同行するはずだった友人は、風邪を引いていて体調がすぐれないというので、僕が一人で行くことになった。カンヌの駅から家までの道のりはビックリする程に完璧に覚えていた。懐かしい道を歩きながら、「シュベッツは2年前の僕のことを覚えているのだろうか・・・」と、期待と少しの不安を感じていた。そして家の前に着いて、ドキドキしながら呼び鈴を押す。すると、シュベッツの鳴き声が聞こえた。そしてマダムと共に姿を現した、かのシェパードは2年前と同じように飛び跳ねながら僕を迎えてくれた。まるで、僕のことをよく覚えているかのような喜びようだった。覚えてなんかいない、ただ来客に喜んでいるだけ・・・だったのかも知れないが、僕はその喜び様に感激し、僕にジャンプしてくるシュベッツを2年前以上に撫で回した。何度も何度もジャンプを繰り返すシュベッツ。ジャンプされればされる程、僕は嬉しくなる。だがしかし大型犬である。マダムは僕に気を遣ってか、
「シュベッツ!止めなさ〜い!」
と注意を促した。すると利口なシェパードは、おとなしくなってしまった。そ、そ、そんな・・・止めなくてもいいのに・・・。ちょ、ちょ、ちょっと・・・もっと遊んでよ・・・ああ、なんでソファーに行っちゃうんだよ・・・ガックリする僕。マダムは僕の近況を聞いて来た。半年前からブザンソンで勉強をしていることや、今友人と南仏旅行に来ていることなど、色々と話した。2年前は僕のフランス語もたどたどしく、英語を交えながらの会話だった。しかもマダムは英語があまり話せなかった。しかし今は、スイスイと会話が進む。上達過程を知らないマダムは、突然フランス語力がアップしたかのように見える僕のフランス語に驚いていた。あれから2年だからね・・・。

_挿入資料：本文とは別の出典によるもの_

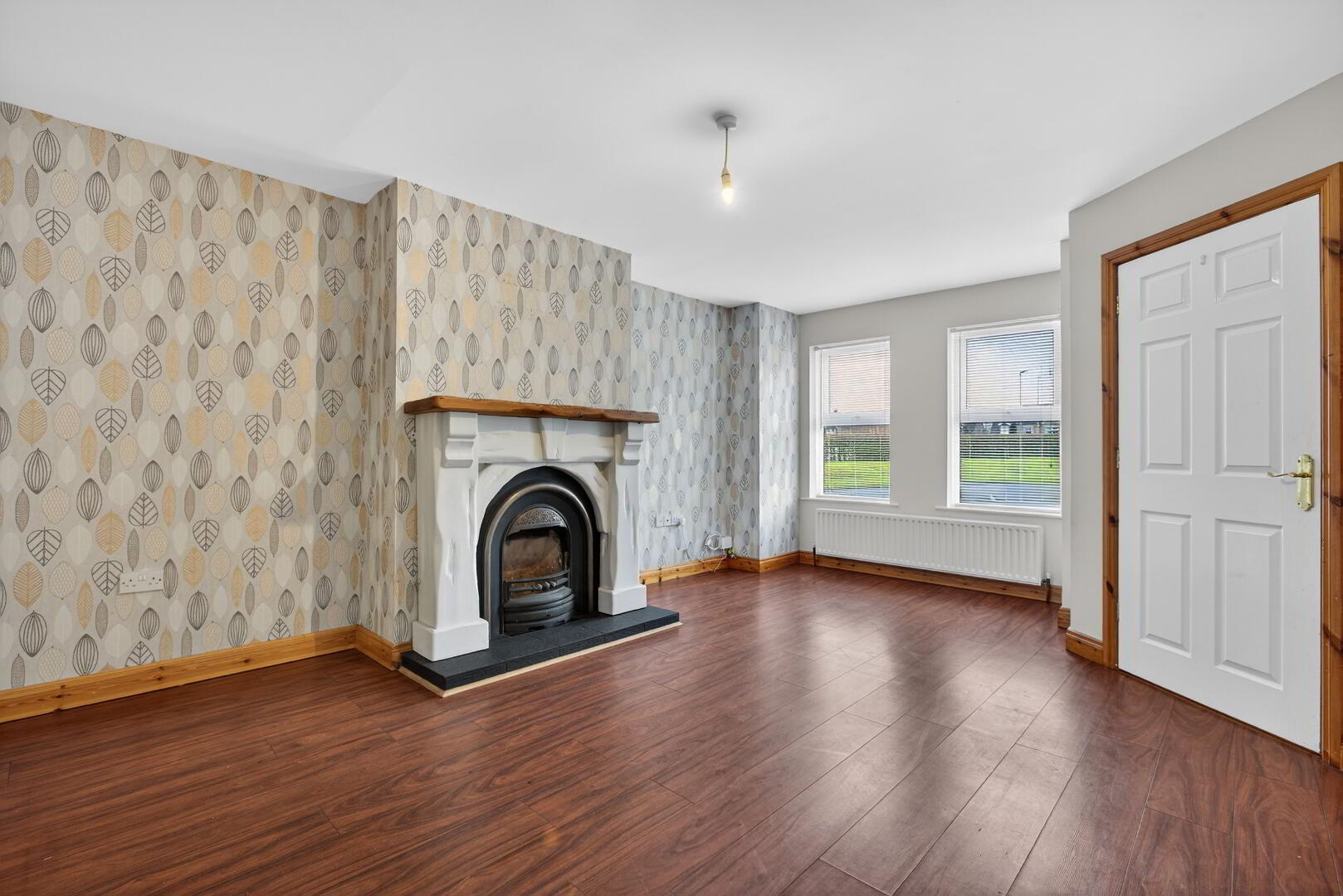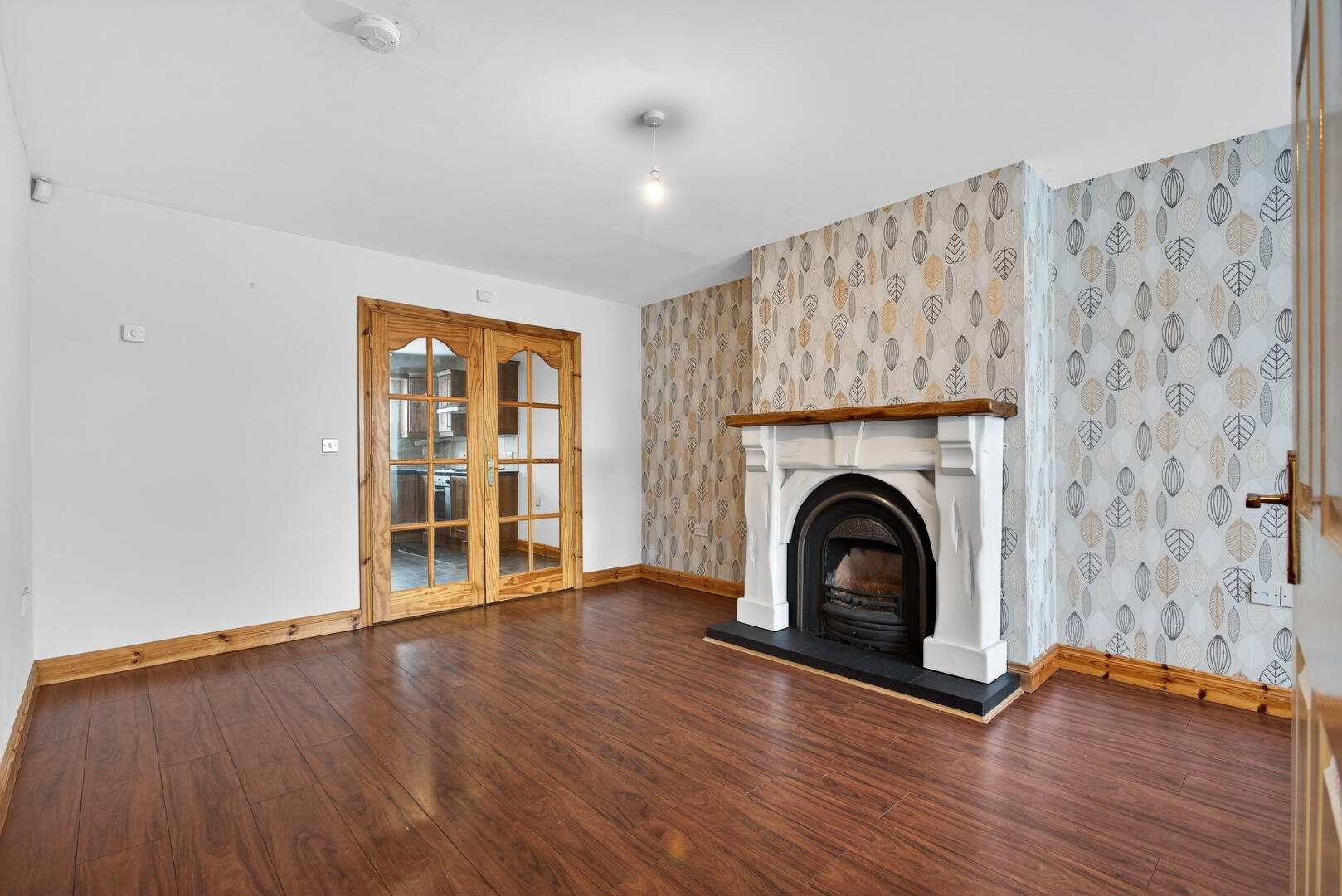 uPVC double glazed windows to front, radiator, laminated wooden flooring, cast iron fireplace with tiled hearth, painted surround, glazed French doors into kitchen/diner

そして、子供達は2階にいるというので行ってみた。子供の2年は大きい。随分と背も大きくなり、まだ赤ちゃんだった三男坊は口も達者になっていた。

1階に下りると、シュベッツは寝ている。愛しの犬が僕と遊んでくれないんじゃ、つまらんではないの・・・シュンとする僕。まぁ、あまり長居も出来ないし、シュベッツは寝ているし、ということで、おいとますることにした。マダムに「じゃあ、行きます」と告げ、家を出て行こうとしたら、シュベッツがムクッと起き上がり、僕を見送る為に後をついて来た。鳴き声で僕に別れを告げる。本当に可愛い犬だ。

たった30分の往訪だった。その日の夜も、そして次の日も、また次の日も、僕の体にはシュベッツがジャンプしてきた感触がまだ残っていた。僕がこれまで見てきたシェパードの中では、一番の美形犬だった。